Wireless News Desk
ITC Finds Android Infringes Apple IP
It was a preliminary decision that will be kicked upstairs to ITC’s six commissioners to vet
By: Maureen O'Gara
Jul. 19, 2011 08:30 AM
An administrative International Trade Commission (ITC) law judge Friday decided that HTC infringes two Apple patents, a judgment that puts Android in Dutch.
It was a preliminary decision that will be kicked upstairs to ITC's six commissioners to vet. They should decide by December 6, Pearl Harbor Day, if it sticks or not. If Apple's successful, HTC will be barred from importing Android widgetry into the US.
Apple originally asserted 10 patents, eight of which failed, and the ITC's staff recommended that Apple's case be scraped.
Patent blogger Florian Mueller thinks the two patents that survived are important, appearing to be at the core of Android and infringed by all Android devices.
The same patents have also been asserted against Motorola Mobility and, despite what Google says, putting on a brave face, the infringements relate to Android operating system functions.
To no one's surprise, HTC said it will appeal and claimed it has "alternate solutions in place to address the patent infringement issues."
HTC may have figured out a way around the fundamental Apple patents but observers figure it'll take them a while to develop it and could mean a performance penalty.
Suggesting HTC's just big talkin', Florian said, "Standing in front of the Great Wall of China, you can also vow to walk around it. That doesn't mean it's a viable option."
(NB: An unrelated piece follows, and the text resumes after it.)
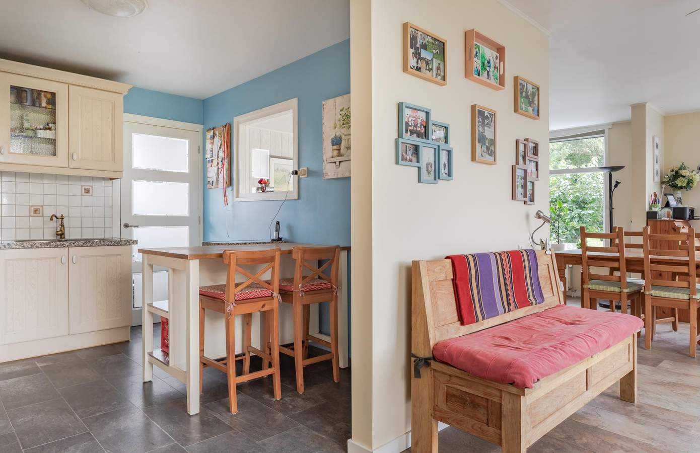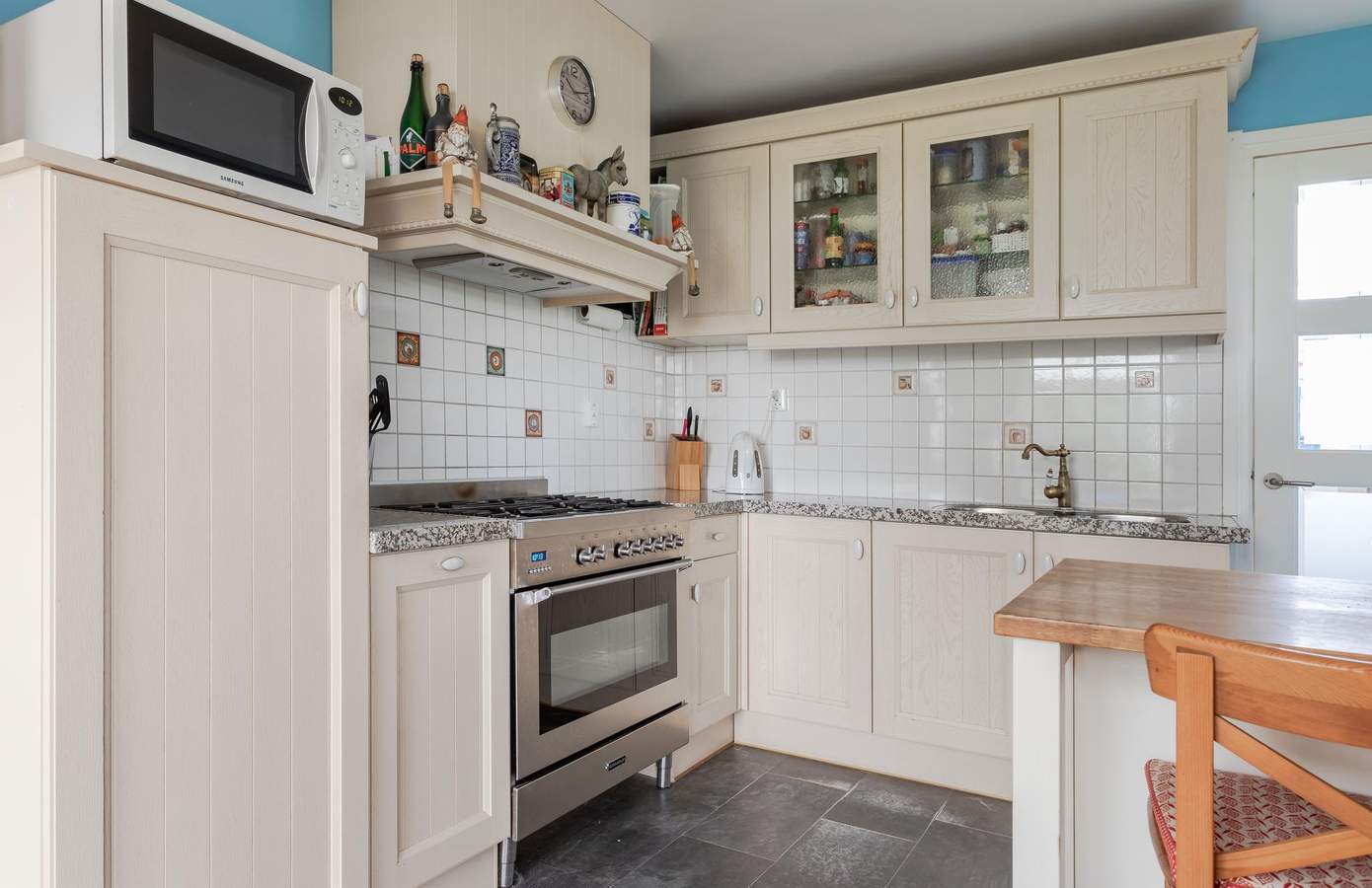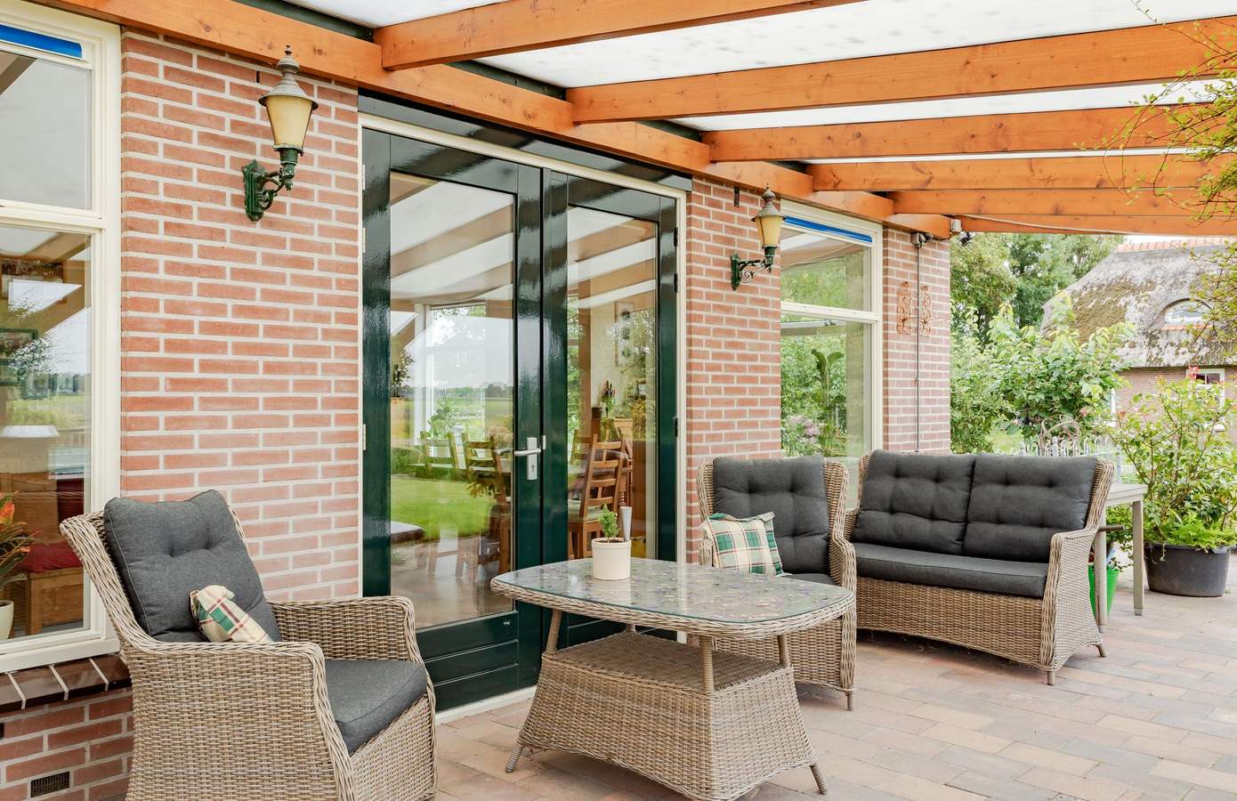 Dat kan hier uiteraard via de voordeur, maar zoals gebruikelijk in dorpen, is de toegang eigenlijk via de tuin aan de achterzijde. Via de openslaande deuren stapt u binnen in de L-vormige woonkamer. Aan de linkerkant bevindt zich de toegang tot de inpandige berging. Dankzij de royale raampartijen heeft de woning veel daglicht en geniet u overal van het uitzicht. De landelijke keuken heeft veel opbergruimte en heeft een opvallend groot 6-pits gasfornuis met oven. Via de keuken betreedt u de ruimte die momenteel dienstdoet als hondentrimsalon, maar ook perfect is voor een eigen praktijk aan huis, met een aparte ingang om werk en privé te scheiden. Via de hal bereikt u de eerste verdieping met 3 slaapkamers, een badkamer met inloopdouche en toilet. De hoofdslaapkamer biedt toegang tot de ruime vliering, hier is nog extra ruimte, ideaal ivoor het opbergen van uw spullen.

HTC pointed out that the ITC found Apple infringes on two patents held by S3 Graphics, the flagging California concern HTC is supposed to buy off of Via for $300 million, a move that hints of a cross-license but HTC may not want to hold its breath waiting for a cross-license. Apple has already filed a second new complaint with the ITC citing five different patents. And it's filed three federal lawsuits against HTC involving a total of 16 patents including the five patents in the second ITC complaint.
Anyway, as Florian says, Apple may be able to solve S3's problem "either by using different types of chips or by buying chips from someone who already has a license from S3." It's not in a mood to go negotiating any licenses. It's out to starve Android technologically.
Over the weekend HTC announced it would buy back as much as 2.44% of its outstanding stock for somewhere between US$624.7 million and US$763.5 million. The scheme failed to stop the stock from tanking.